Exercise goal
Look below for the line that contains "До деноминации в", then quote it and all the lines after it, exactly, with the pictures left out.

Data section
= = = = =

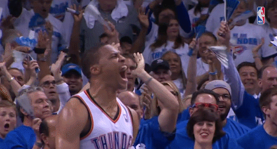 • Когда Расселл Уэстбрук сходит с ума и начинает выкрикивать фразы на всех языках мира после важного удачного броска:
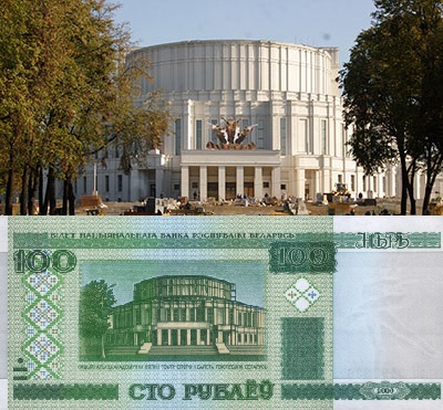 До деноминации в Беларуси самой мелкой купюрой было 100 рублей (в новых дензнаках – 1 копейка). На купюре изображен Национальный академический Большой театр оперы и балета. От станции метро «Немига» до театра неспешным шагом минут пятнадцать. Здание построено в 1938 году и не раз реставрировалось. После недавнего капремонта оно встречает гостей во всем блеске своего великолепия. Театр и парковую зону с фонтанами спроектировал известный архитектор Иосиф Лангбард. Он же является автором нескольких других важных зданий в Минске – Дома правительства, Дома офицеров, Академии наук. Последняя, к слову, была изображена на купюре в один рубль, которую изъяли из обращения в 2003 году. Все эти здания пережили Великую Отечественную войну – одни из немногих в полностью разбомбленном Минске.
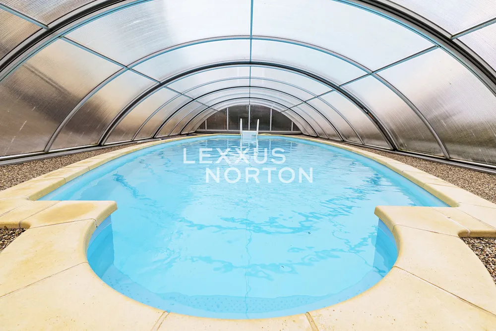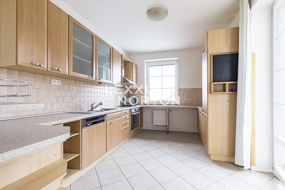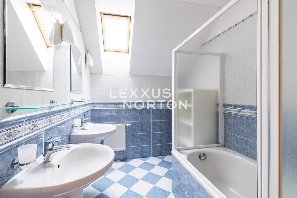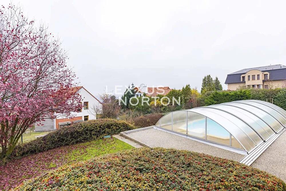 V přízemí domu se nachází vstupní hala, prostorný obývací pokoj se vstupem na terasu (36 m2) a zahradu, samostatná plně vybavená kuchyň (sklokeramická deska, lednice, mrazák, trouba, mikrovlnná trouba a myčka nádobí) včetně jídelního prostoru, pracovna, technické zázemí a garáž pro 2 vozidla. Horní patro dispozičně nabízí 4 ložnice, z nichž dvě mají přístup na vlastní balkon, šatnu a 2 koupelny disponující vanou či sprchovým koutem. V suterénu je prádelna, kotelna, herna / fitness a vstup do garáže. Součástí vybavení nemovitosti je alarm s možností napojení na bezpečnostní agenturu, vestavěné skříně, půdní úložný prostor, satelitní TV připojení. K nemovitosti náleží vyhřívaný krytý bazén, nádherně udržovaná zahrada a garáž pro 2 vozidla.

= = = = =

Result
 До деноминации в Беларуси самой мелкой купюрой было 100 рублей (в новых дензнаках – 1 копейка). На купюре изображен Национальный академический Большой театр оперы и балета. От станции метро «Немига» до театра неспешным шагом минут пятнадцать. Здание построено в 1938 году и не раз реставрировалось. После недавнего капремонта оно встречает гостей во всем блеске своего великолепия. Театр и парковую зону с фонтанами спроектировал известный архитектор Иосиф Лангбард. Он же является автором нескольких других важных зданий в Минске – Дома правительства, Дома офицеров, Академии наук. Последняя, к слову, была изображена на купюре в один рубль, которую изъяли из обращения в 2003 году. Все эти здания пережили Великую Отечественную войну – одни из немногих в полностью разбомбленном Минске.
 V přízemí domu se nachází vstupní hala, prostorný obývací pokoj se vstupem na terasu (36 m2) a zahradu, samostatná plně vybavená kuchyň (sklokeramická deska, lednice, mrazák, trouba, mikrovlnná trouba a myčka nádobí) včetně jídelního prostoru, pracovna, technické zázemí a garáž pro 2 vozidla. Horní patro dispozičně nabízí 4 ložnice, z nichž dvě mají přístup na vlastní balkon, šatnu a 2 koupelny disponující vanou či sprchovým koutem. V suterénu je prádelna, kotelna, herna / fitness a vstup do garáže. Součástí vybavení nemovitosti je alarm s možností napojení na bezpečnostní agenturu, vestavěné skříně, půdní úložný prostor, satelitní TV připojení. K nemovitosti náleží vyhřívaný krytý bazén, nádherně udržovaná zahrada a garáž pro 2 vozidla.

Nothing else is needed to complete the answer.